Now don’t get me wrong — I’m not anti-comfort. I love soft pajamas, 8-hour sleep (in my dreams), and the comfort of knowing my children are playing quietly without breaking a window or a sibling’s heart. But I don’t chase comfort like it’s the Wi-Fi signal in a hilly village. I let it arrive, politely nod, and then continue my dance with life — two left feet and all.
Here are my not-so-strategic strategies:
Prayer: Because sometimes, only divine Wi-Fi can reconnect me to sanity.
Gratitude: A gentle reminder that even a bad hair day is better than no hair.

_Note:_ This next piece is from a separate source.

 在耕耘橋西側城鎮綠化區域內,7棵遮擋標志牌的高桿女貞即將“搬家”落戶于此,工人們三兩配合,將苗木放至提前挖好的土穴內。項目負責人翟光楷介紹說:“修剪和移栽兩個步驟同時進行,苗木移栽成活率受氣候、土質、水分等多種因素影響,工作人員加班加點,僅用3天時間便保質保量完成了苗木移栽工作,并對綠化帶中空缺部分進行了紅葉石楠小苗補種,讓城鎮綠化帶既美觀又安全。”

Mindfulness: Like catching myself scrolling through reels while holding a cup of tea, only to realize the tea’s gone cold — and I never even tasted it. That’s when I pause, look at the cup, take a deep breath, and promise to sip the next one fully present.

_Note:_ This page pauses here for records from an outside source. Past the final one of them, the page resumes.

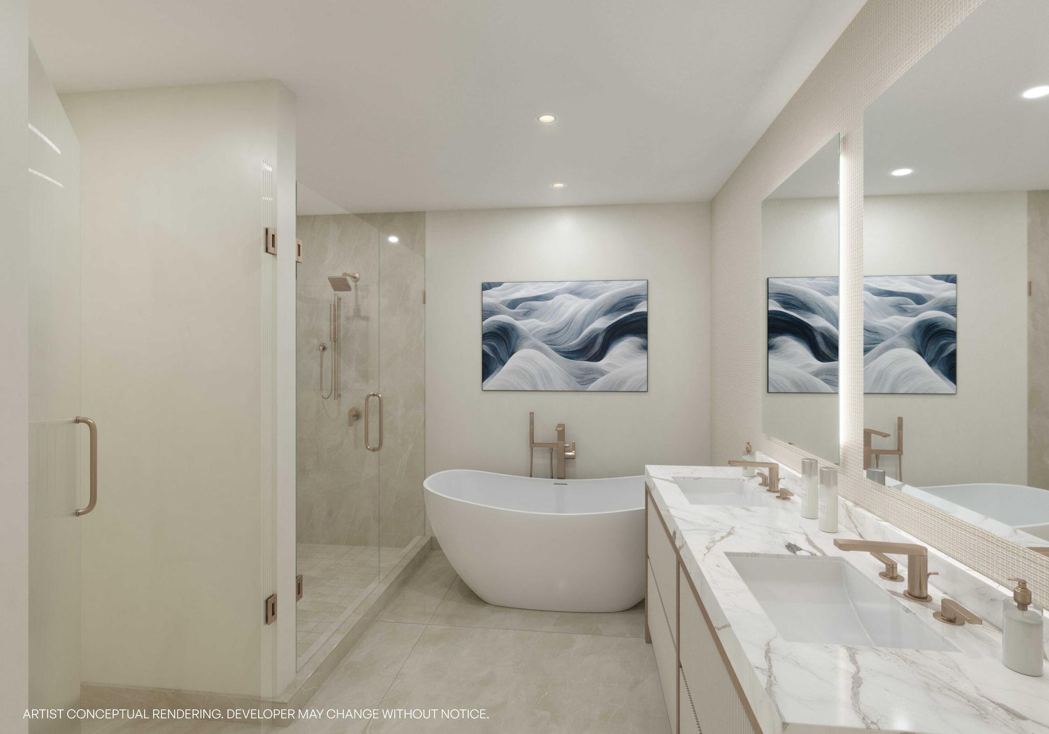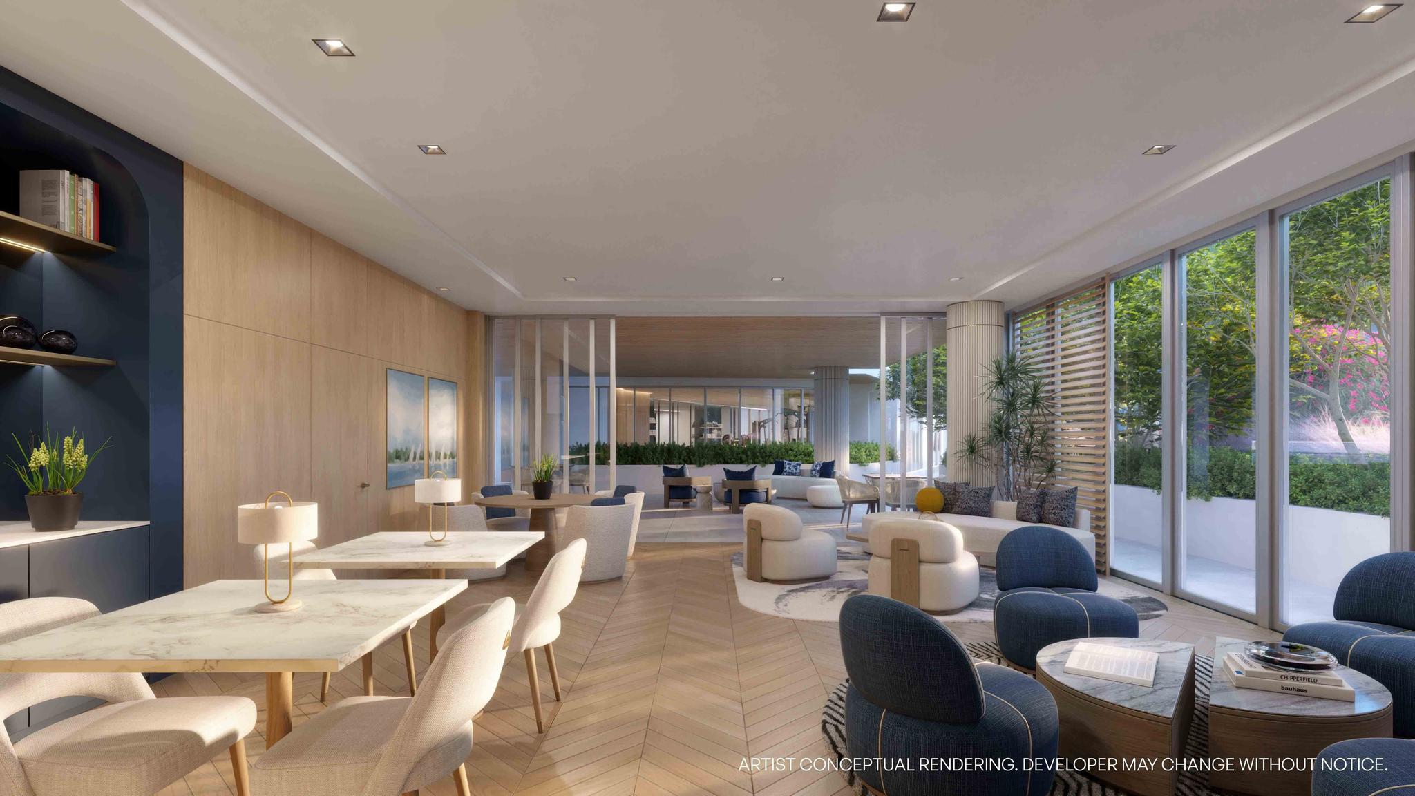Developed by Northlink Capital and designed by the acclaimed Revuelta Architecture International, 7200 Collins is defined by its fluid lines and ocean-facing form. The building’s signature curved façade allows for panoramic views and sunlight to permeate each residence, while glass-wrapped balconies connect the indoors to the natural beauty outside. Inside, interiors by Adriana Hoyos Design Studio bring warmth and sophistication to every detail, from Italian cabinetry and glazed porcelain tile flooring to bespoke furnishings selected for modern, elevated living.
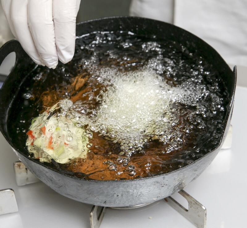 6. Deep-fry the portions slowly in oil at 160 C until the surface becomes golden brown. Be careful not to burn.
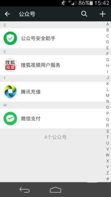 2、关注后,在自己的手机微信A公众APP上打开公众号,找到搜狐视频用户服务公众号点击进入
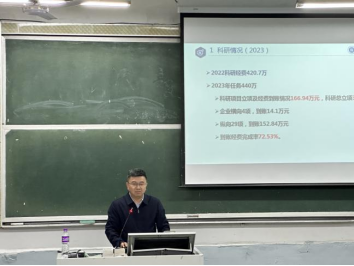 副院长施源德对教学检查工作进行汇报,指出教学问题,并提出解决措施;副院长项雷文对教师科研方面进行工作汇报,对科研课题、项目申报等方面提出要求;工会主席金美芳老师对绩效分配及教学工作量等问题进行解释说明。
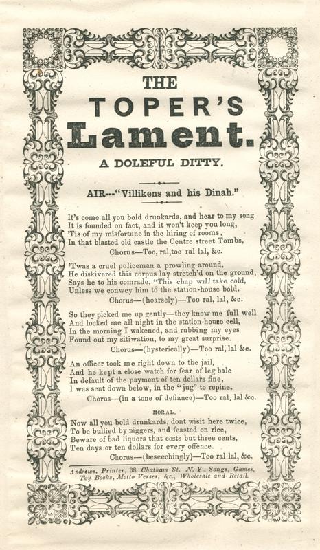It's come all you bold drunkards, and hear to my song (5 vs. and chor.) Air—"Villikens and his Dinah." Print. Andrews. T. o. border. 23.7 x 13.6 cm.
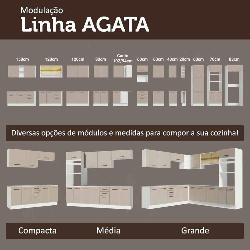 Garantia: Este produto conta com 1 ano de garantia total, sendo 3 meses de garantia legal e 9 meses de garantia contratual. A garantia cobre exclusivamente defeitos de fabricação e vícios ocultos. Não estão cobertos: problemas decorrentes de montagem incorreta, uso inadequado, exposição à umidade, calor ou luz solar direta, modificações no produto ou desgaste natural. Cor: Bege | Garantia: 12 meses | Dimensões - Altura: 81 cm | Dimensões - Largura: 50 cm | Dimensões - Profundidade: 52 cm | Produto: Cozinha | Marca: Madesa | Peso aproximado: 18 kg | Material: MDP | Estado de Origem: RS | Conteúdo da embalagem: 1 Balcão Gabinete | Material para Filtro: MDP | Instruções/Cuidados: Utilize um pano limpo, levemente umedecido e seque em seguida a superfície. Não usar produtos químicos ou abrasivos para a limpeza. Recomendamos polir seu móvel com lustra-móveis duas a três vezes por ano. | Produto precisa de Montagem?: Sim | Peso Produto Com Embalagem (Kg): 17,90 | Altura do Produto com Embalagem (cm): 11,70 | Largura Produto Com Embalagem (cm): 50,40 | Comprimento Produto Com Embalagem (cm): 74,40 | Descrição do Tamanho: 81 cm x 50 cm x 52 cm | Nome do Simples no Fornecedor: Balcão de Cozinha 50cm 1 Porta (Sem Tampo) Branco/Crema Agata Madesa | Fabricante: Madesa | RBN: Casa/Móveis/Móveis de Cozinha | Materiais do corpo: MDP | Quantidade de caixas de embalagem: 2 | Bullet Point 1: Dimensões: 81 cm altura x 50 cm largura x 52 cm profundidade | Bullet Point 2: Possui dobradiças metálicas com amortecimento, garantindo um fechamento suave e silencioso. | Bullet Point 3: Puxador em alça garante praticidade e valoriza ainda mais. | Bullet Point 4: Possui acabamento de alta resistência, conservando a beleza do móvel por muito mais tempo. | É Frágil: Não | Quantidade de Itens: 1 | Certificação de teste externa: Sim | Precisa de baterias ou pilhas: Não | Número da peça (part_number): G245075LAGST | Peso do item (item_weight): value=17.9;unit=kilograms | Dimensões do item P x L x A (item_depth_width_height): depth#value=52;depth#unit=centimeters;height#value=81;height#unit=centimeters;width#value=50;width#unit=centimeters | Exige montagem (is_assembly_required): Sim | Requer montagem (REQUIRES_ASSEMBLY): Sim | Inclui manual de montagem (INCLUDES_ASSEMBLY_MANUAL): Sim | Número do modelo (model_number): G245075LAGST | is_assembly_required: Sim | Tipo de móveis de cozinha: Balcão | Linha: Agata | Componetes Incluidos: Portas | Cor: Branco/Crema

Smile: Even if it’s forced, because the muscles need workout too.
Think before speaking: Because “I told you so” sounds wiser in silence than in a shouting match.
And yes, I sometimes flop. I lose my cool over spilled milk — literally and metaphorically. I forget mindfulness and practice mind-full-mess instead. I want to shout “Serenity Now!” like George Costanza’s dad and expect peace to fall from the sky like confetti. But that’s when I remember — the goal isn’t to be constantly comfortable, it’s to be constantly real.
Discomfort taught me that I can survive a broken plan. Or a delayed holiday. Or an awkward conversation where the only thing flowing was sweat, not words. It taught me how strong I am. And also how weirdly proud I feel after doing something I was scared of.
As someone wise probably once said but I’ll pretend I coined it:
“Comfort is a warm bed. Discomfort is the alarm that makes you grow.”
So now, I sip life like it’s an experimental tea — a little bitter, a little sweet, sometimes lukewarm — but always mine. I won’t try to add sugar to every tough moment or wrap every discomfort in bubble wrap. I’ll face it. Maybe in pajamas, but still.
Thought to ponder:
If you had to choose between a soft pillow and a strong spine, what would you pick? Or better yet — how about learning to rest on one and rise with the other?